Friday, February 07, 2014

The Paolo Sorrentino Files: This Must Be the Place

Alot of the malaise towards Paolo Sorrentino's 2011 film "This Must Be the Place" lay at the feet of Sean Penn in the starring role of Cheyenne.... a soft-spoken, almost child like ex-rock star who never quite outgrew the Robert Smith 1980's. It's such an offbeat, downright weird incarnation that a lot of people couldn't get past the interpretation. While I do admit that it took me a good portion of the film to buy into the character myself, when it finally happened (sometime when his travels take him to New Mexico) I became swept away by the sheer energy and originality of Sorrentino and Penn's vision of a broken man-child trying to alleviate the torments of a father.

The synopsis of "This Must Be the Place" sounds just as loony as Penn's emo-rocker portrayal. Living an invisible life in Ireland, married to Frances McDormand, Cheyenne (Penn) seems to only have one friend, young goth rock fan Mary (Eve Hewson). Acting like an older brother, there's also the strange relationship with an older woman, traumatized by some past event that Cheyenne might be involved in. Wandering through his life aimlessly, Cheyenne is notified that his father has died in New York. Once back home, we learn Cheyenne is from a wealthy Jewish family and the stories of his father's time, tortured and humiliated, in a Nazi concentration camp come to light. There begins Cheyenne's journey across America to hunt down the supposed Nazi officer, stopping for several surreal experiences along the way that Italian director Sorrentino is so adept at tossing our direction.

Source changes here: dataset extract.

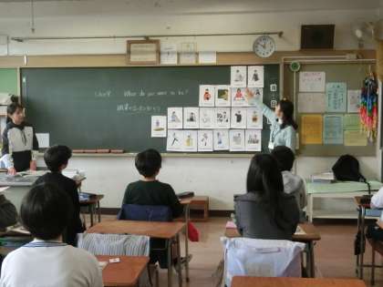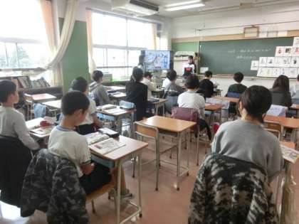 2組の授業は外国語です。英語活動支援員の先生がいらしています。
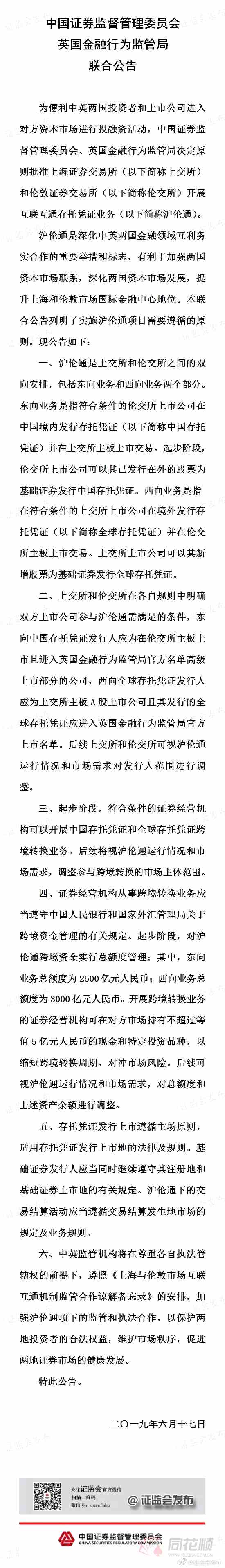 摘要: 證監(jiān)會(huì)17日發(fā)布《中國(guó)證券監(jiān)督管理委員會(huì)英國(guó)金融行為監(jiān)管局聯(lián)合公告》。起步階段,對(duì)滬倫通跨境資金實(shí)行總額度管理;其中,東向業(yè)務(wù)總額度為2500億元人民幣;西向業(yè)務(wù)總額度為3000億元人民幣。開展跨境轉(zhuǎn)

One thing is crystal clear after two Sorrentino films.... this is a filmmaker working on a much more ethereal level than others out there right now. After his masterpiece "The Great Beauty" last year, "This Must Be the Place" serves as an appealing appetizer to that great work. Both films feature a roving, imaginative camera that glimpses the sudden beauty of mankind in breathtaking snatches. For example, when Cheyenne finally returns to his wife, played by Frances McDormand, we Sorrentino shows us a brief cut of her dropping a bag of groceries and running across the lawn towards the camera. It's through our intuition that we piece this together as her joyous reunion with her globe-trotting husband. Then there's the magical animal moment in which a bison slowly appears outside the window of Cheyenne... an event that mimics the grand giraffe metaphor in "The Great Beauty". Sorrentino may be accused of many things, but his ability to levitate striking moments of human connection to the small wonders around them is solemnly in his grasp. Even the tense final meeting between son and tormenter is handled in such an original, thought-provoking way that we completely understand the final transformation Cheyenne undergoes. "This Must Be the Place" finds great beauty in the horrors of the past and comes out unscathed and even a bit happy.